WHITFIELD: And Treme is a neighborhood where so many jazz greats came out of, just for a lot of folks who are hearing that for the first time
ELIE: George Lewis, Sidney Bechet came from there. Louis Armstrong, Jelly Roll Morton played there. But the other thing is that the Plessy vs. Ferguson case of 1896, that came out of Faobourg Treme. So we talk about civil rights in the United States, everybody thinks it began with Martin Luther King and Rosa Parks. And as great as they were, they were not the first. A lot of activity took place in New Orleans, took place in Faobourg Treme, and that's what our film tried to document.

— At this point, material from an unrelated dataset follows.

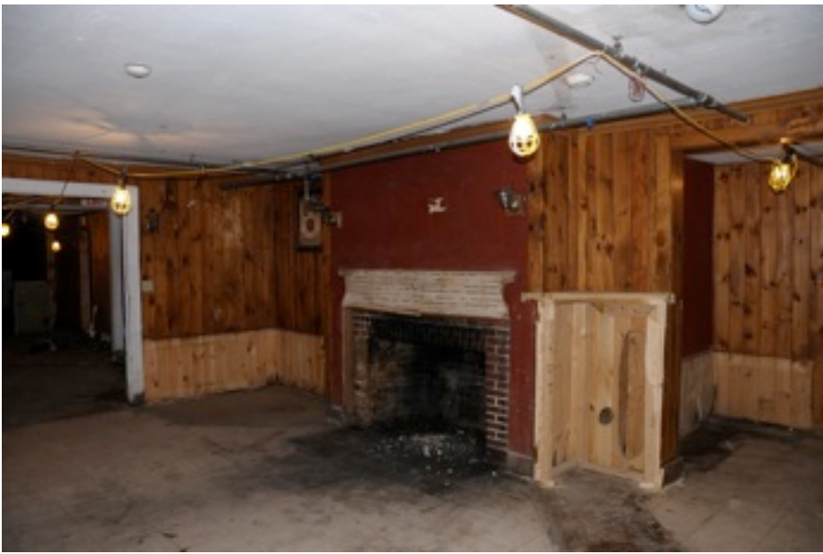
Last look at the Party Room fireplace Aug. 18, 2009
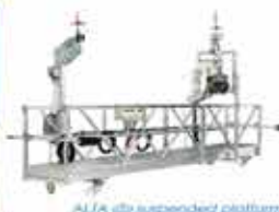
ALFA also suspended platform

WHITFIELD: You are helping people to look back to understand what is today, what this city is all about. As you look forward to New Orleans, its potential again, the reclaiming of this city, what do you see and when?
ELIE: I tell you, we understand the preciousness of our resources a lot more than we used to. People are more active about trying to keep the music alive, trying to keep architecture happening. The truth is though, that it's got to be a marathon because we don't want to come back quickly without having put the infrastructure in place to make sure that people are safe.
The story of what happened in New Orleans parallels to the bridge failure in Minneapolis and the floods in Iowa is I think a failure of our national infrastructure. We have to work on that as a means of insuring we will come back and are able to sustain our comeback.
WHITFIELD: And do you see parallels between New Orleans and other major cities in this country that if you don't invest in New Orleans, then you really are failing an entire country on other levels as well, other cities?
ELIE: Sacramento, California, is perhaps the best example. Just like New Orleans, it's protected by levees that are built, designed and maintained by the federal government. The failure of the federal government to do this is a potential danger to all Americans. It wasn't just FEMA's failure after the storm. The real failure was when the levees let the water through that allowed the city to be flooded.
WHITFIELD: Lolis Eric Elie, thanks so much, "Times-Picayune," we look forward to the documentary as well. Reminder on that, "Faobourg Treme" is the name of the documentary to look for.
ELIE: It will be on television in February, PBS.
WHITFIELD: Excellent, thanks so much.
ELIE: Thank you.
WHITFIELD: Appreciate your time. We've enjoyed your city as well. Rick Sanchez is coming up next with the day's headlines. Sadly, Rick is coming from Atlanta whereas we're going to be wrapping up out here from New Orleans. Rick? All right, Rick Sanchez is going to be talking about fake wedding cakes as well. You're looking at the images right there. Much more of the CNN NEWSROOM right after this.